Вот внесли круглые блюда с карпами, сардинами и омарами, а затем изобилие мясных кушаний: зажаренный целиком жирный козленок с горошком на огромном серебряном блюде, мясные пироги, тарелки с телячьими языками и «сладким мясом»[50], молочные крольчата в студне, ежи, испеченные в собственных шкурах, свиные потроха, карбонад [51], требуха и пирожки из соней. Босые рабы постоянно приносили эти и другие лакомства, и теперь, когда голод немного притупился, а сердца были согреты вином, разговор пошел оживленнее.
— Что нового в Витчланде? — спросил Ла Файриз.
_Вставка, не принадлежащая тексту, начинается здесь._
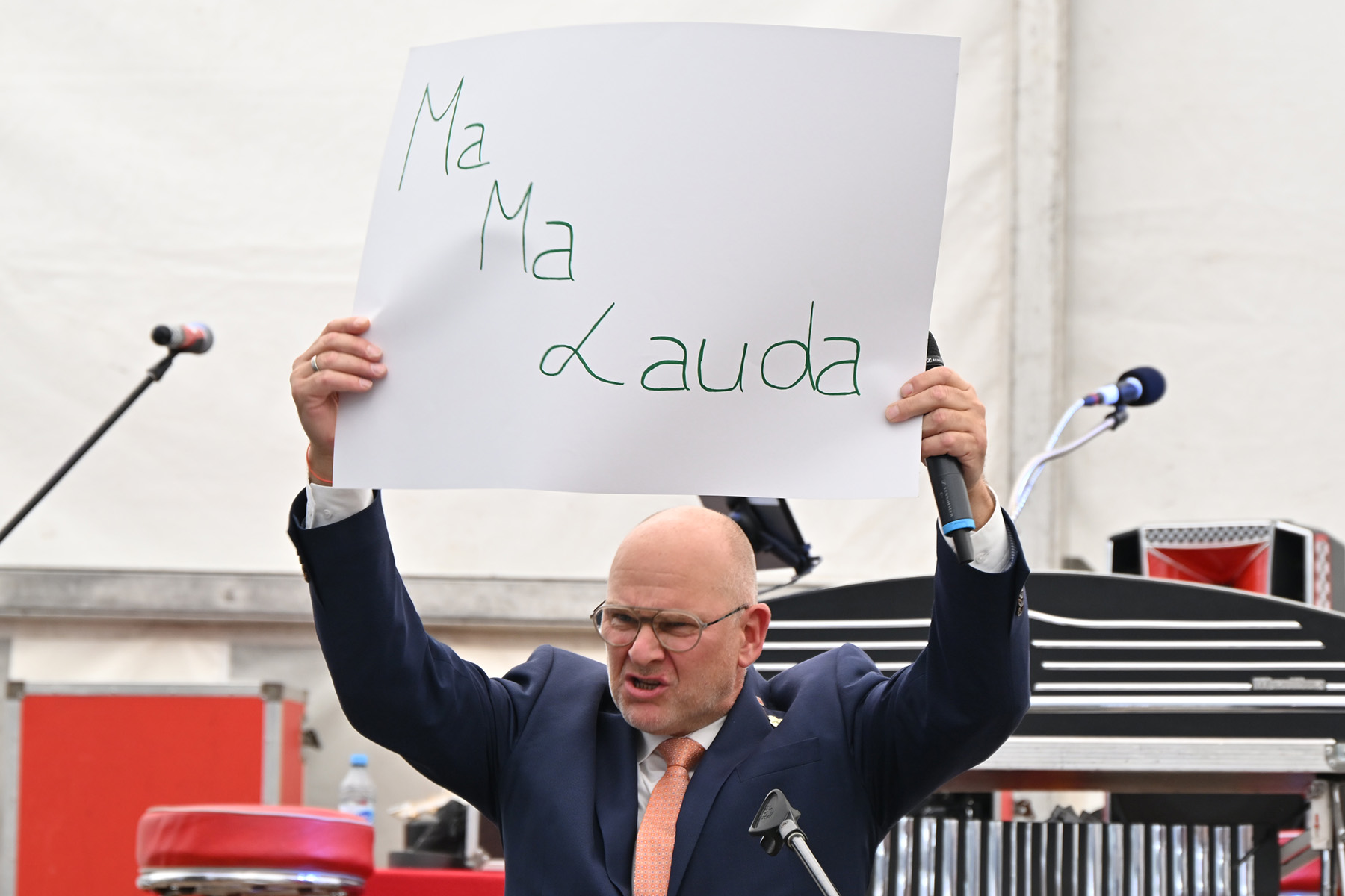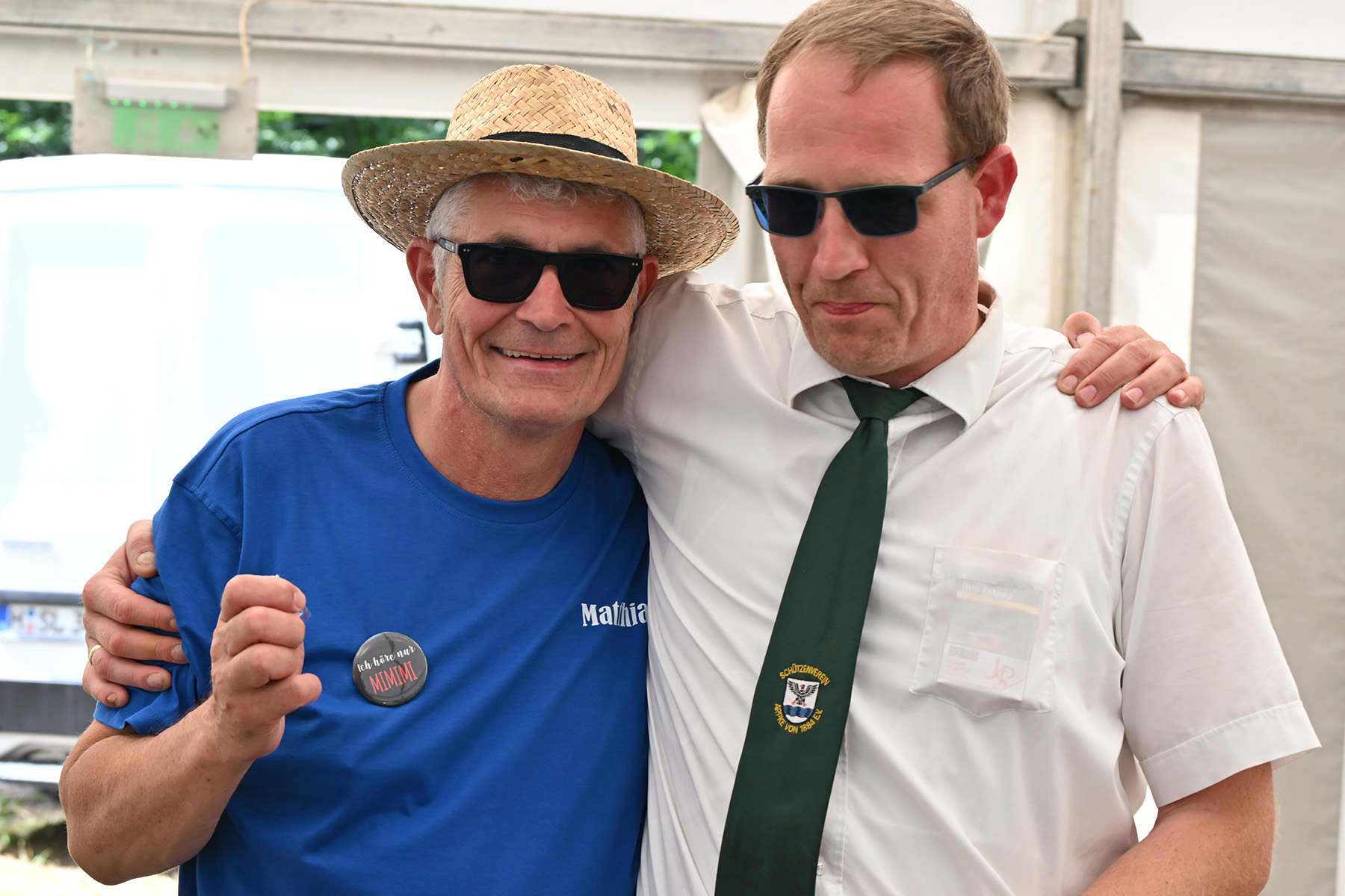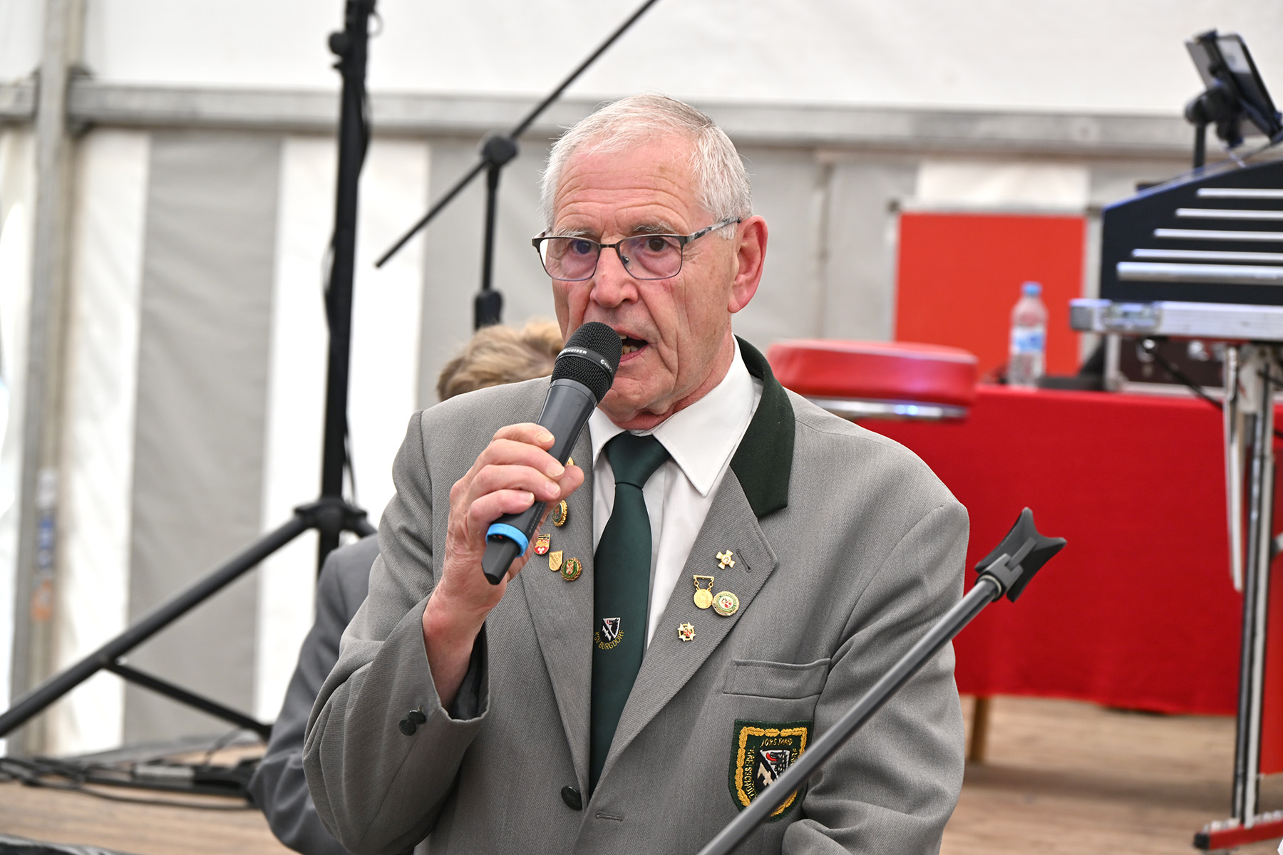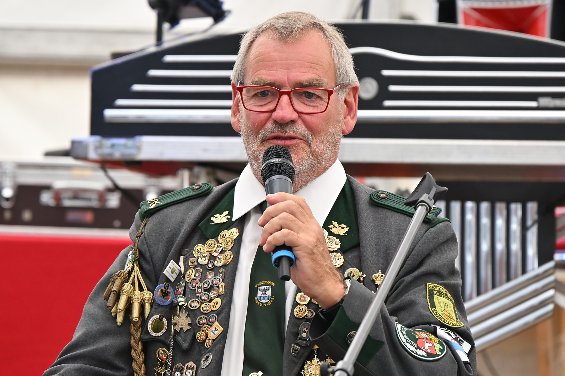 Unter den Gästen begrüßte Susanne Sieg unter anderem Lehrtes Bürgermeister Frank Prüße wie auch Ortsbürgermeister Klaus Schulz. Nach dem Applaus zu urteilen, hat der Ortsbürgermeister seinen Laden im Griff, während Prüße doch ein paar Buhrufe entgegenschallten, die er jedoch gekonnt retournierte. Seine angekündigte 25-minütige Rede mit PowerPoint-Präsentation fiel dann unverhofft sehr kurz aus. Statt Worten ließ er große beschriftete Zettel für sich sprechen. Er wie auch Ortsbürgermeister Klaus Schulz sprachen dem Schützenverein und den vielen Helfern, die das Fest auf die Beine gestellt haben, ihren ganz besonderen Dank aus.

— Самое новое, о чем я слышал, — ответил король, — это смерть Гасларка, — и король поведал о ночной битве, откровенно и честно рассказав о численности войск, времени и обо всем произошедшем; однако никто не смог бы догадаться из его повествования, что в этой битве принимали какое-либо участие демонландцы.
— Странно то, что он вот так напал на вас, — промолвил Ла Файриз. — Враг мог бы заподозрить за этим какой-то повод.
— Наше величие, — надменно глядя на него, ответил Кориний, — есть лампа, которая сожгла и других мотыльков, помимо него. Я отнюдь не считаю это странным.
— И впрямь странно было бы, будь это кто-либо, кроме Гасларка, — сказала Презмира. — Но для него ни одна его внезапная прихоть не была чересчур безумной, и под властью своих причуд он, словно чертополоховый пух, отправился бы штурмовать сами небеса.
— Мыльный пузырь, госпожа моя: яркие краски снаружи и лишь воздух внутри. Знавал я таких, — произнес Кориний, все еще не сводя своего нарочито высокомерного взгляда с принца.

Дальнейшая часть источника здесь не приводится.